High performance Liquid Chromatography (HPLC) & Gas Chromatography (GC)
High-performance liquid chromatography (HPLC) is the typical method of choice for assessing the purity and impurities of new drug candidates in process development, running control and stability studies or evaluating new formulations for development. Gas Chromatography (GC) may also be used when compounds under testing are volatile or HPLC is deemed otherwise unsuitable.
Rationale for HPLC Method Development for the API Release
- To harmonize the testing of starting materials, intermediates and API in a single method
- To use the API method for in-process-control or whether to use a shorter method (preferably with the same column and mobile phase combination / compositions to avoid error) to maximize the efficient use of each instrument.
- To apply a retrospective approach to method development that would start development first on the API method, then adding the starting materials and intermediates to the method to check the overall method suitability.
- To evaluate method specificity during process development to ensure that adequate specificity is provided for the current process.
- To conduct forced degradation to evaluate method specificity for the degradants.
Forced Degradation and Understanding of the Degradation Pathway
Forced degradation is an integral part of impurity evaluation in method development, which is undertaken to facilitate development and to demonstrate the suitability of stability indicating methods. This is particularly important when little information is available about potential degradation products.

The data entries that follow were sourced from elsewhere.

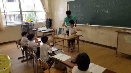 なかよしの授業の様子です。ペットボトルを使って、みずのかさの単位の学習をしています。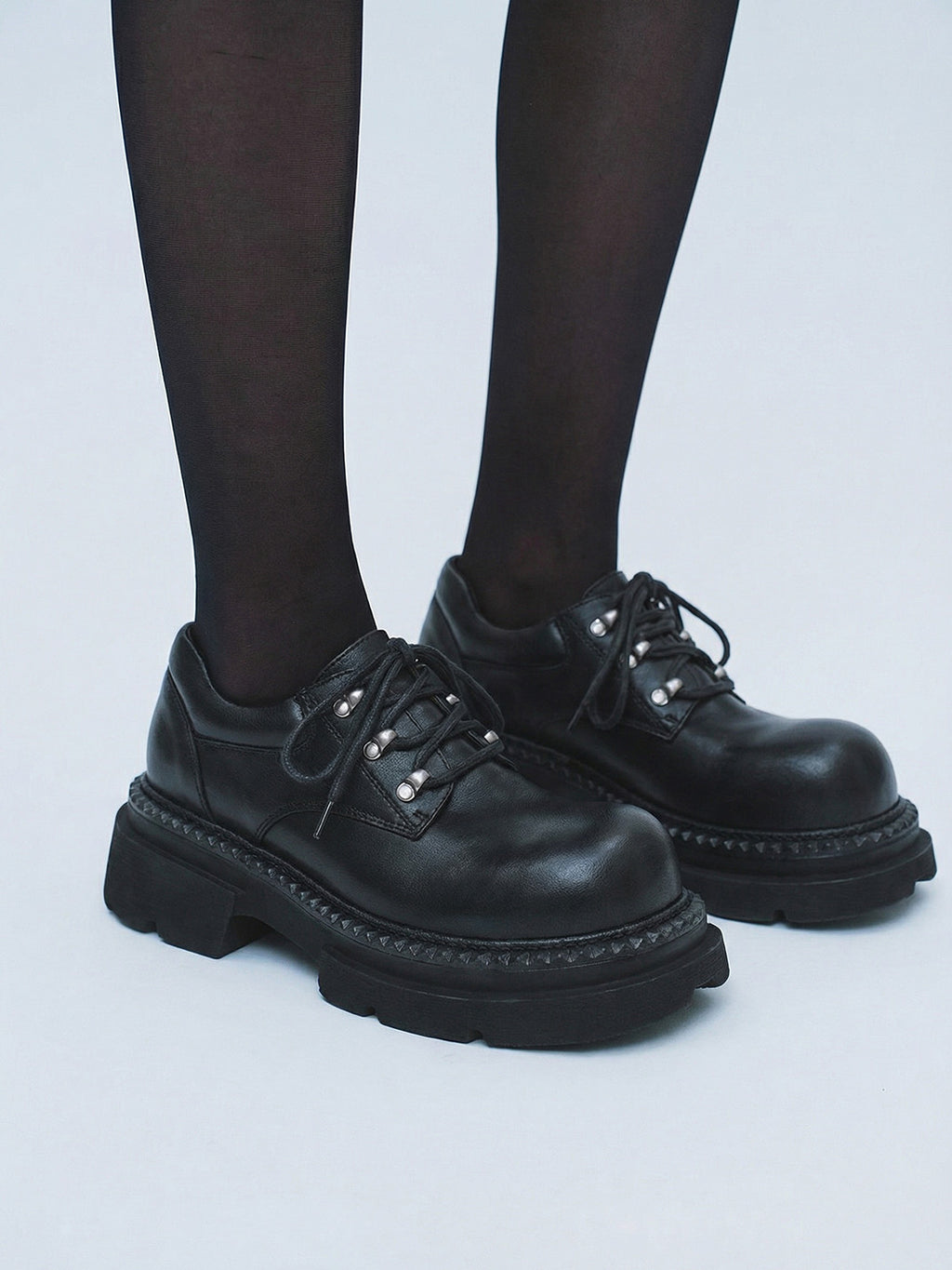 PINJIAHUI | Lace-up Leather Derby Shoes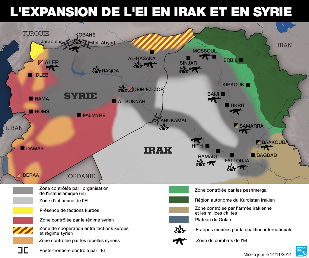 C’est en janvier 2014 que le premier coup est porté à l’autorité du gouvernement Irakien, avec la prise de Fallouja par L’État islamique en Irak et au Levant, alors branche d’Al-Qaïda depuis 2003 (dont il se sépare en 2013). Le groupe Djihadiste réussit à jumeler l’idée de rébellion contre l’état irakien « chiite » et de djihad contre l’occident. Il emporte l’adhésion d’une partie des tributs et de la population sunnite, sans oublier les anciens membres du parti Baas. Cette nouvelle organisation terroriste trouve le vivier idéal pour recruter des troupes, pas seulement aguerries, mais qui ont la volonté de se battre pour un meilleur quotidien, que n’ont pu leur offrir les américains et le gouvernement irakien. La chute de Mossoul en Juin 2014 sonne le glas de la reconstruction américaine. A côté du conflit civil irakien, l’organisation extrémiste s’est taillé un territoire en Syrie grâce à la complaisance du régime de Damas. Ce dernier utilise l’État islamique pour écraser la rébellion modérée, ce qui aboutit à la prise totale de la province de Raqqa en juin 2014, ville martyre, capitale de ce nouveau « régime ».

Forced degradation studies generally rely upon conditions that promote thermolytic, hydrolytic, oxidative, and photolytic degradation mechanisms. The goal of these studies is to generate a primary degradation profile that mimics or exceeds what would be observed in accelerated stability studies conducted under ICH conditions.
J-Star Research scientists design experiments to generate similar amounts of degradants to those occurring in stability studies. A team of organic chemists and analytical chemists can thus achieve a comprehensive understanding of the relevant degradation pathway.
The presence of stereocenters in intermediates and Active Pharmaceutical Ingredients (APIs) add an additional layer of required analytical understanding, monitoring and control. Each enantiomer or diastereomer may have great variations in efficacy and toxicity. In 1992 the Food & Drug Administration (FDA) issued a series of guidelines for the development of single enantiomers and racemates in pharmaceuticals.
We can rapidly screen a wide selection of chiral columns on a Spiderling system and then further optimize the resulting chiral HPLC method.
Our team of analytical chemists with training in organic chemistry and extensive experience with poly-chiral compounds facilitates efficient and rational method development / optimization.
Method Development with HPLC-CAD
Charged Aerosol Detector (CAD) is a universal detector and (in conjunction with HPLC) can be used to measure all non-volatile (and some semi-volatile) compounds. This renders it extremely useful in the evaluation of purity and quantification of impurities for new drug candidates or intermediates lacking a significant UV chromophore.
J-Star Research began using HPLC-CAD in 2013 and now has multiple HPLC-CAD systems in house. As such we have a deep-rooted experience base in gaining invaluable experience with method development / optimization / troubleshooting with this mode of detection.